Opinion
6494.
June 30, 2005.
Order, Supreme Court, Bronx County (Douglas E. McKeon, J.), entered January 10, 2005, which denied defendants-appellants' motion for summary judgment dismissing the complaint as against them, unanimously affirmed, without costs.
Costello, Shea Gaffney LLP, New York (Paul E. Blutman of counsel), for appellants.
Pollack, Pollack, Isaac DeCicco, New York (Brian J. Isaac of counsel), for respondents.
Before: Andrias, J.P., Marlow, Sullivan, Ellerin and Nardelli, JJ.
Plaintiffs' expert's affirmation in opposition is properly based on evidentiary facts in the record, including defendant midwife's deposition testimony and defendant hospital's records, and satisfied plaintiffs' burden of showing the existence of issues of fact as to whether defendants departed from accepted standards of obstetrical care and, if so, thereby substantially contributed to the infant plaintiff's brain damage and other alleged injuries ( see Alvarez v.
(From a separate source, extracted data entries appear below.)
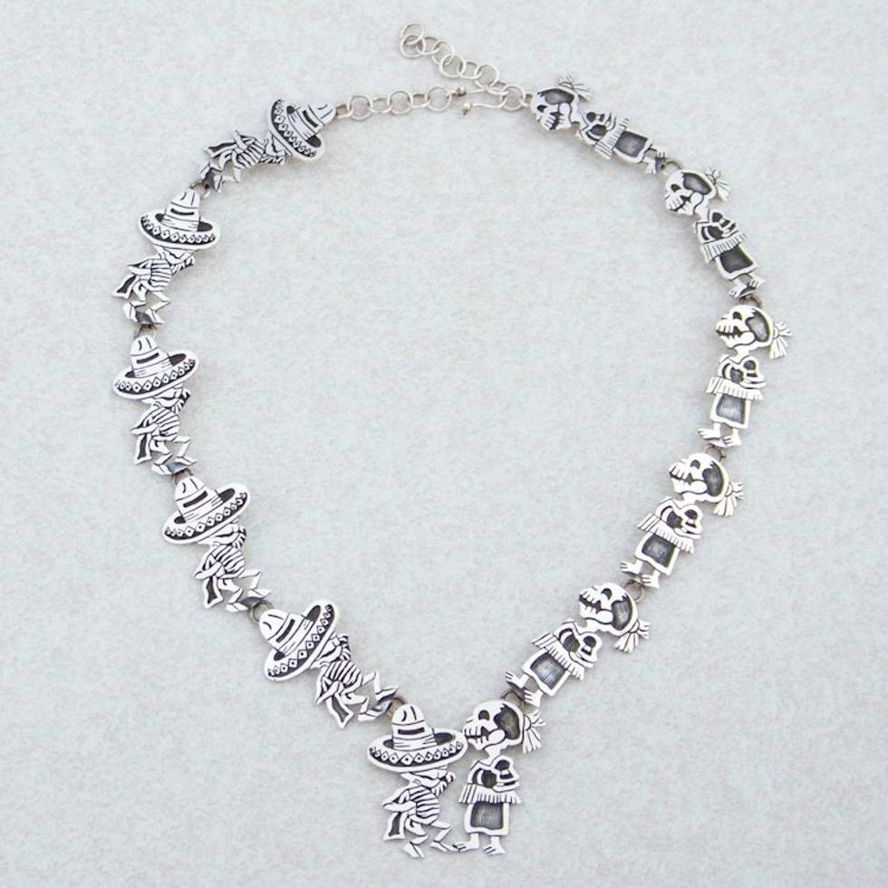 Mexican Day of the Dead Sterling Silver Link Necklace 'Skeletal Hat Dance' Item ID: 2671808956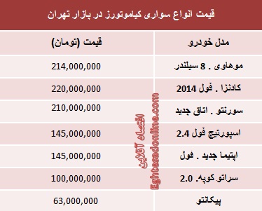 قیمت روز برخی از مدل های سواری کیاموتورز در بازار تهران به شرح زیر است؛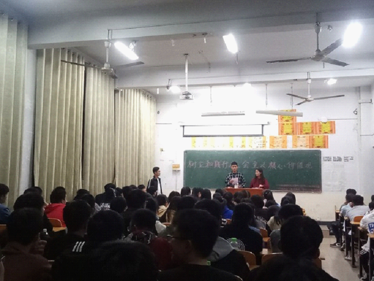 党的十八大提出要倡导富强、民主、文明、和谐,倡导自由、平等、公正、法治,倡导爱国、敬业、诚信、友善,积极培育和践行社会主义核心价值观。机电工程系于2018年10月31号下午在一号教学楼开展以“树立和践行社会主义核心价值观”为主题的团学活动。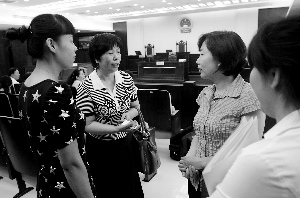 法官随后只得向旁听人员说明情况,旁听人员对关之琳一方无视法律规定的行为非常不满。雅鹿集团到场的一位顾问招呼另一被告好友世界商场的代理人,“撤诉了,可以走了。”(如图)好友世界商场的代理人此时也不明就里,“他们和解的事,我们都不知道,还准时来参加庭审。”法官、书记员及两被告的代理人,一直苦等关之琳的代理人来办理撤诉手续,但直到11时,该代理人才姗姗来迟。“你们浪费诉讼资源,对你们提出警告。”面对法官的批评,该代理人一言不发。(首席摄影记者 吴宁/摄)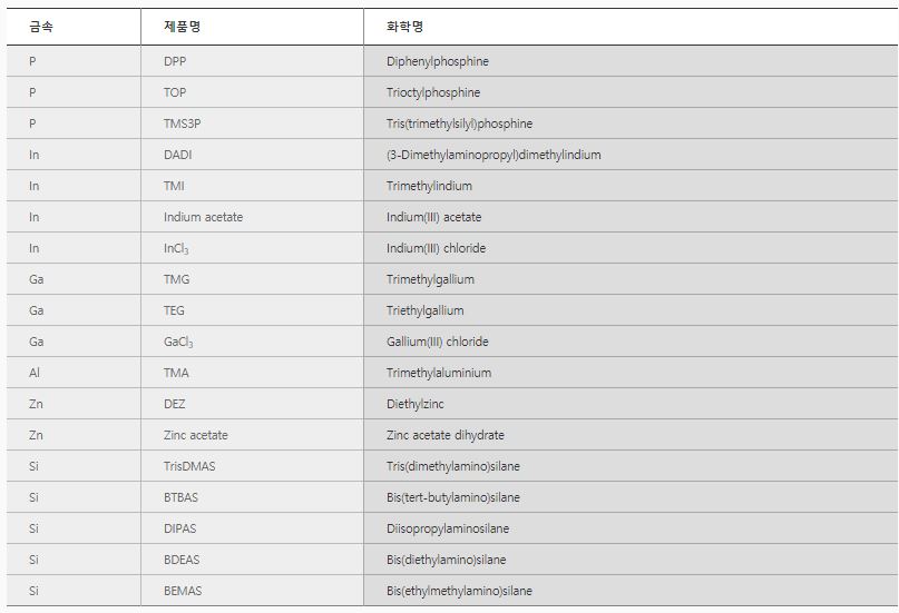 반도체용 Precursor(반도체용 전구체)는 독자적인 유기금속 화합물 설계, 제조기술을 바탕으로 고객사에 적극적으로 대응하고 있으며, CVD/ALD 전구체를 제조하여 국내외 업체에 공급하고 있습니다.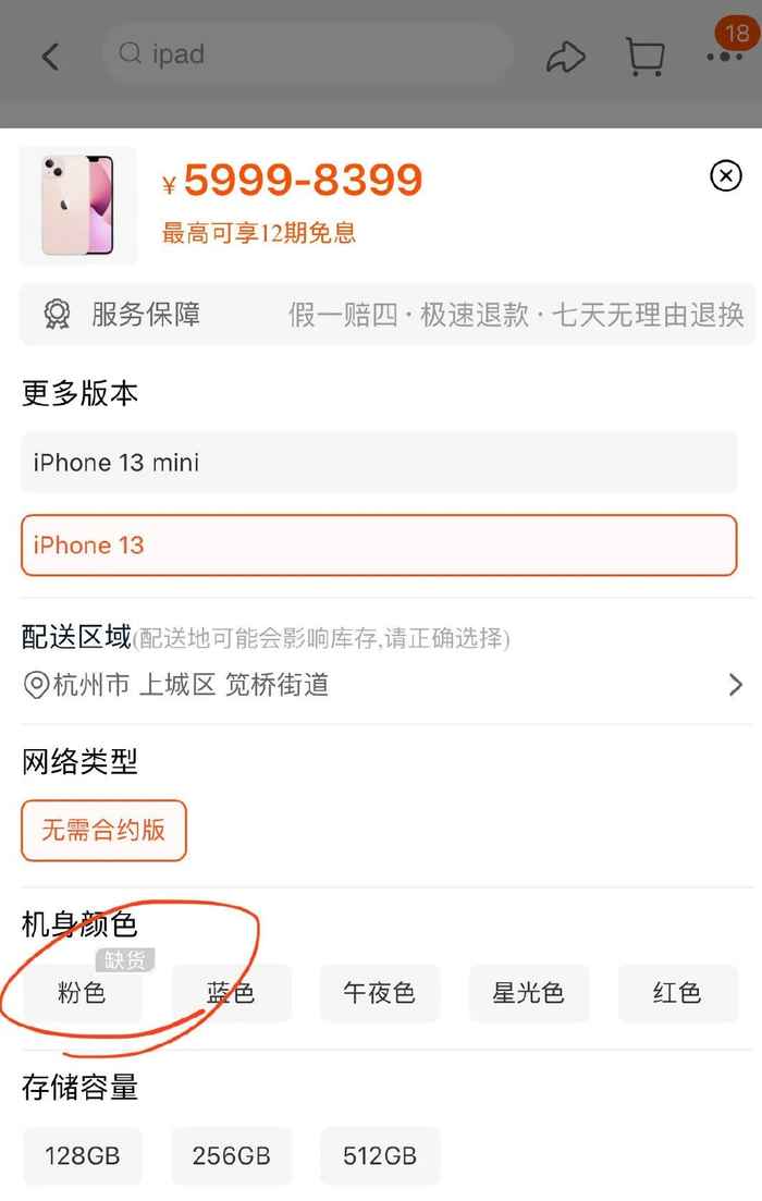 之前在天猫平台预订中最受欢迎的粉色款果然走俏,iPhone 13 系列第一批货粉色款不到3分钟内就被疯抢一空!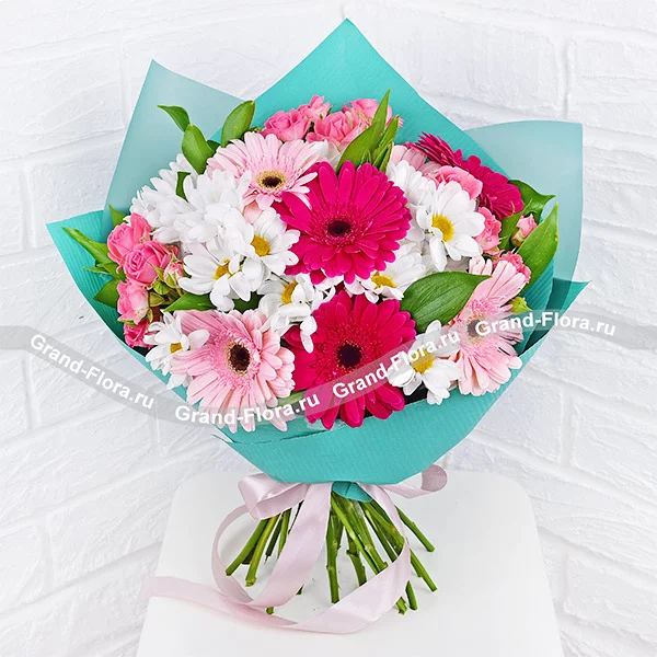 Вся прелесть букета заключена в изящных герберах, пышных розах и нежных, девичьих хризантемах. Букет станет изысканным знаком внимания молодой девушке. Он поможет выразить светлые, зарождающиеся чувства. Белый цвет говорит: “ты мне нравишься”, а розовый добавляет: “очень”. Заказав у нас эту романтическую композицию, вы сможете в прямом смысле изменить судьбу, ведь цветы, как известно, топят даже самые холодные и неприступные сердца.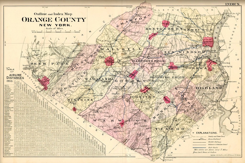 Orange County’s central regions, encompassing the towns of Wawayanda, Wallkill, Goshen, Chester, Blooming Grove, Hamptonburgh, and Warwick, are well-known for their agricultural activity. Grasses in these low-lying regions tended to produce the richest quality of milk compared to mountain pastures. Additionally, nearby mountain ranges form what some may call protective borders. The southeastern edge is bordered by the Schunnemunk, Warwick, Bellvale, and Ramapo ranges while the northwestern border is defined by the Shawangunks. The central low-lying region, known in the southern reaches of the county as the Drowned Lands, extends northward to the towns of Blooming Grove and New Windsor. The region gets its name from the three-mile-thick glaciers that, even after thousands of years of melting, left large lakes and expansive swamps. Here, the fertile plain ends just north of Blooming Grove and becomes more mountainous. This can also be said of the northern region where the Shawangunks give the towns of Montgomery and Crawford a more elevated terrain. In the county’s southeastern and western regions, two prominent mountain ranges of Orange County with elevations reaching over 1,000 feet in some areas. In the southeastern region, the Ramapo Mountains extend north from the New Jersey Highlands to the Hudson River just south of Newburgh. It is in this range where the Highlands slice the land in a series of diagonal striations, creating numerous valleys known as cloves such as Smith’s Clove in the town of Woodbury. Here, within the valleys, the towns of Cornwall, Woodbury, Monroe, Arden, and Tuxedo are found. Likewise, to the west, New Jersey’s Kittatinny Mountain becomes the Shawangunk Range in Orange County where the city of Port Jervis is practically separated from the rest of the area. This obstacle, however, did not hinder the city from being an industrial and transportation hub.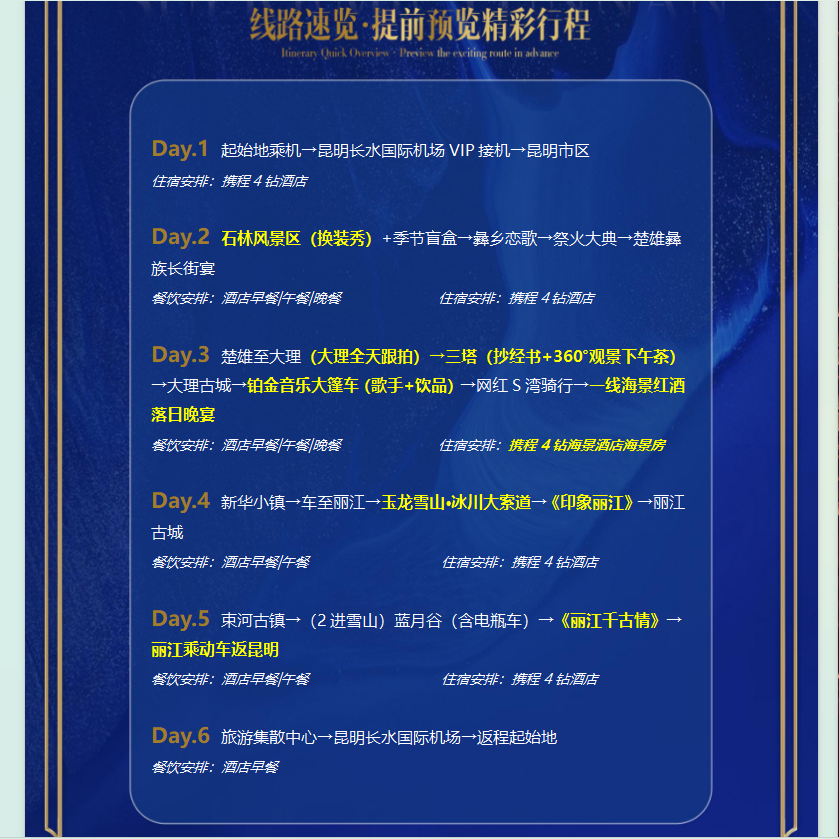 区别于传统观光团,本产品以‘人文旅行+自然奇观’为主题,串联昆明石林、大理洱海、丽江古城与玉龙雪山,形成逻辑清晰、内容丰富的6日动线。差旅人士可在短时间内获得多元体验,避免走马观花,真正实现‘一次出行,多重收获’。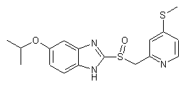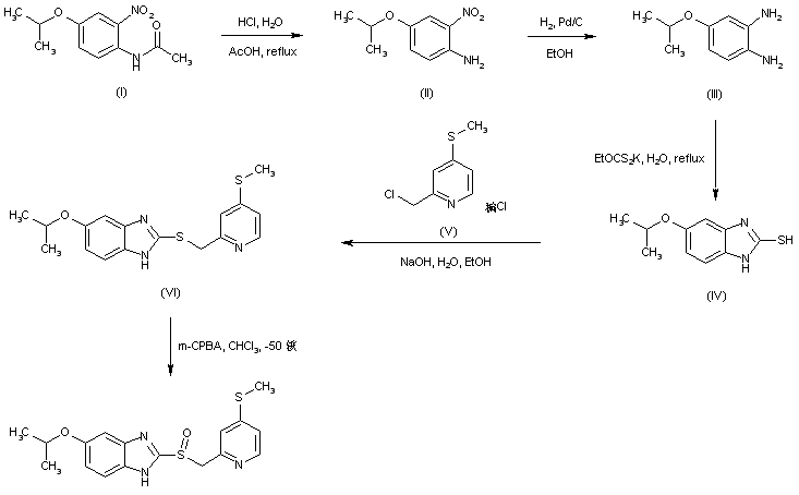 Acid hydrolysis of acetanilide (I) provided nitro aniline (II), which was further reduced to diamine (III) by catalytic hydrogenation over Pd/C. The 2-mercapto benzimidazole (IV) was then synthesized by condensation of phenylenediamine (III) with potassium ethyl xanthate. Alkylation of (IV) with the chloromethyl pyridine (V) produced the corresponding thioether adduct (VI). Finally, selective oxidation of the benzimidazolyl sulfur atom of (I) using m-chloroperbenzoic acid gave rise to the title sulfoxide.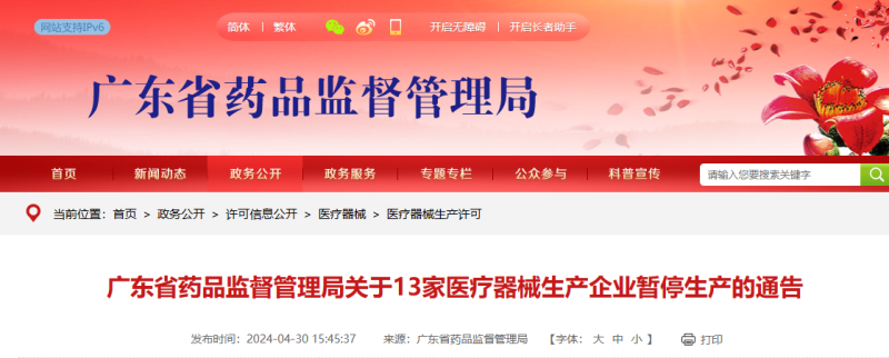 注意!廣東13家醫(yī)療器械生產(chǎn)企業(yè)暫停生產(chǎn)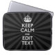 Aangepaste KEEP CALM en jouw tekst op zonnesburst Laptop Sleeve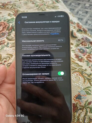 IPhone 12 Pro, Б/у, 128 ГБ, Золотой, Зарядное устройство, Чехол, Кабель, 76 %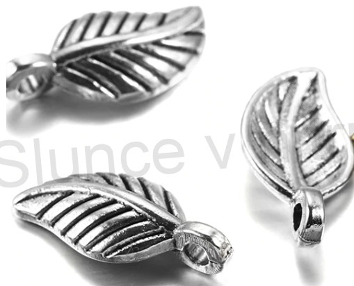 Přívěsek lístek. Přívěšek vhodný pro tvorbu náušnic, přívěšků, náramků. Vysoký lesk.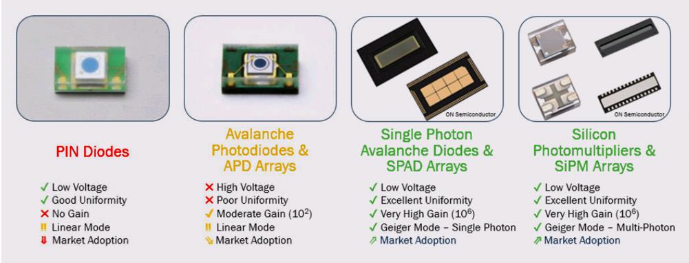 通過對(duì)比可以看到,PIN二極管、APD陣列、SPAD陣列、SiPM陣列還是有很大不同。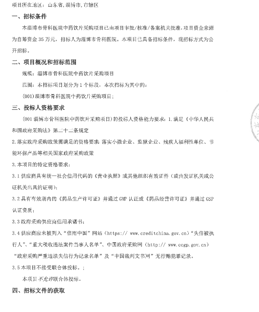 【淄博市骨科医院】山东省淄博市骨科医院中药饮片采购项目竞争性磋商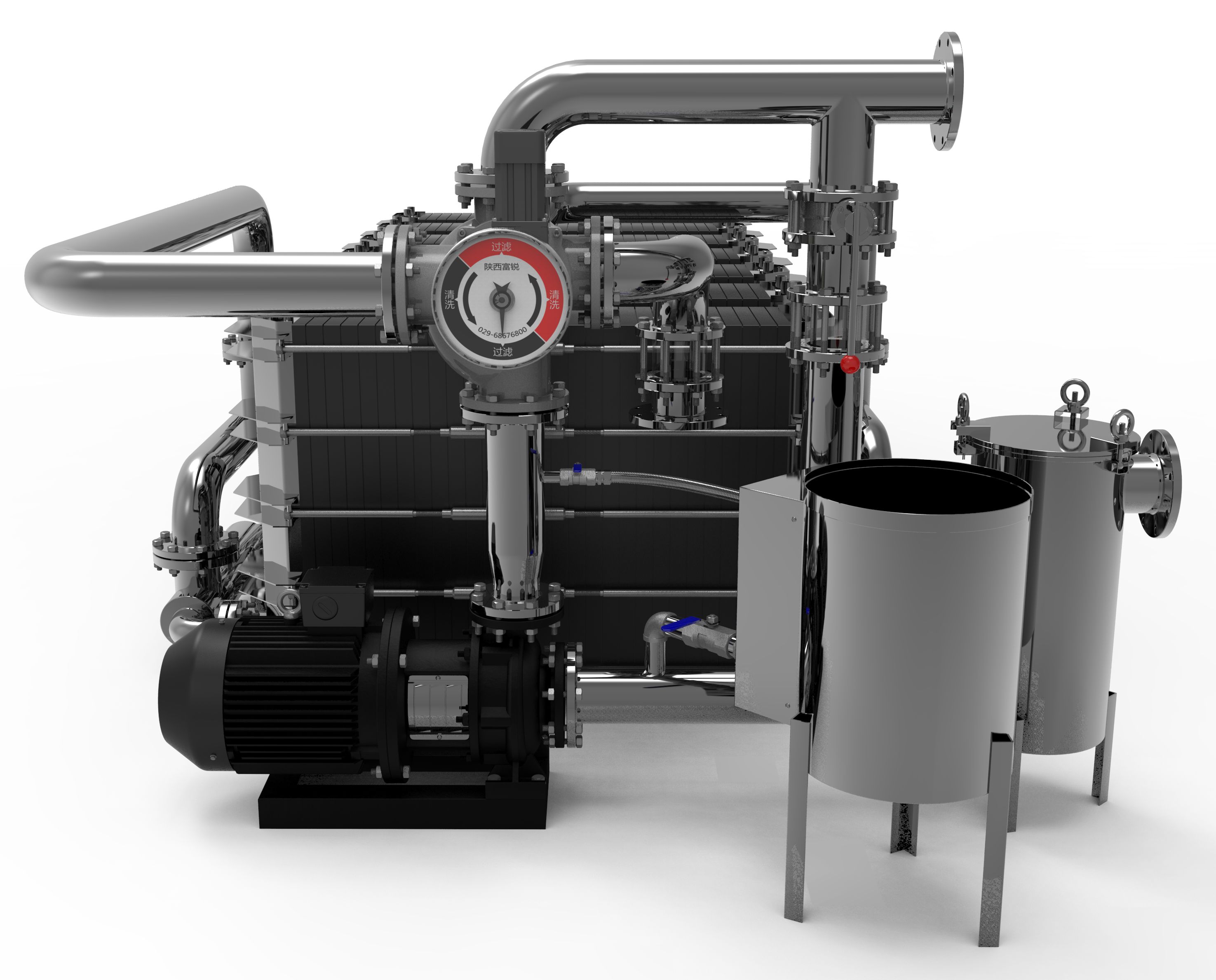 加熱系統主要有二個循環回路,其一為熱水鍋爐與保溫水箱之間的循環回路,其二為保溫水箱與板式換熱器之間的循環回路。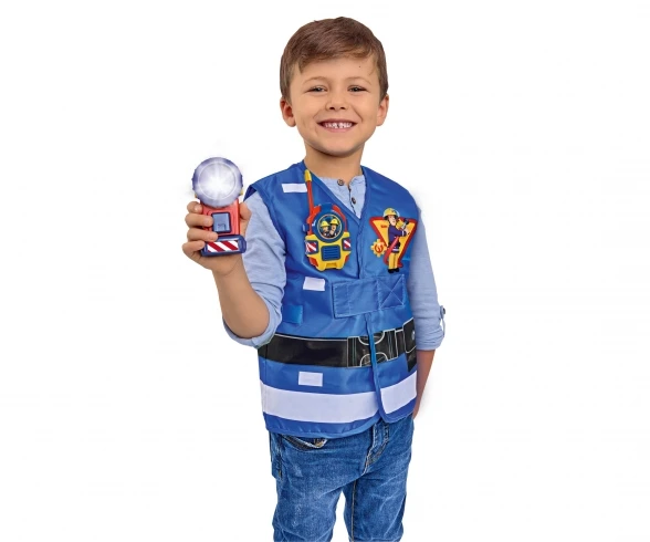 adventures from the Fireman Sam series. The blue vest can be put on in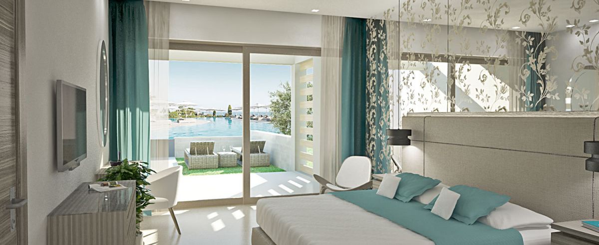 У готелі працює 136 номерів різних категорій (24 номери Junior Suites, 56 номерів Deluxe Junior Suites & Panorama Junior Suites, 56 номерів Double Rooms & Family Rooms) з чудовими видами на Егейське море та мальовничі сади готелю. Інтер'єри витримані у світлих відтінках моря та піску, оточуючи ваш відпочинок спокоєм та затишком. У номерах передбачені всілякі зручності та сервіси, які порадують навіть досвідчених мандрівників.

Prospect Hosp., 68 NY2d 320, 324-325; Lambos v. Weintraub, 246 AD2d 356, 357-358). Such factual issues include, inter alia, whether a cesarean section should have been performed based on the prenatal nonstress test and biophysical profile performed some three weeks before the delivery, the fetal heart monitoring strips taken some two hours before the delivery, and the presence of meconium some 30 minutes before the delivery, and whether the development of seizures during the early neonatal period is indicative of hypoxic ischemic injury sustained during delivery.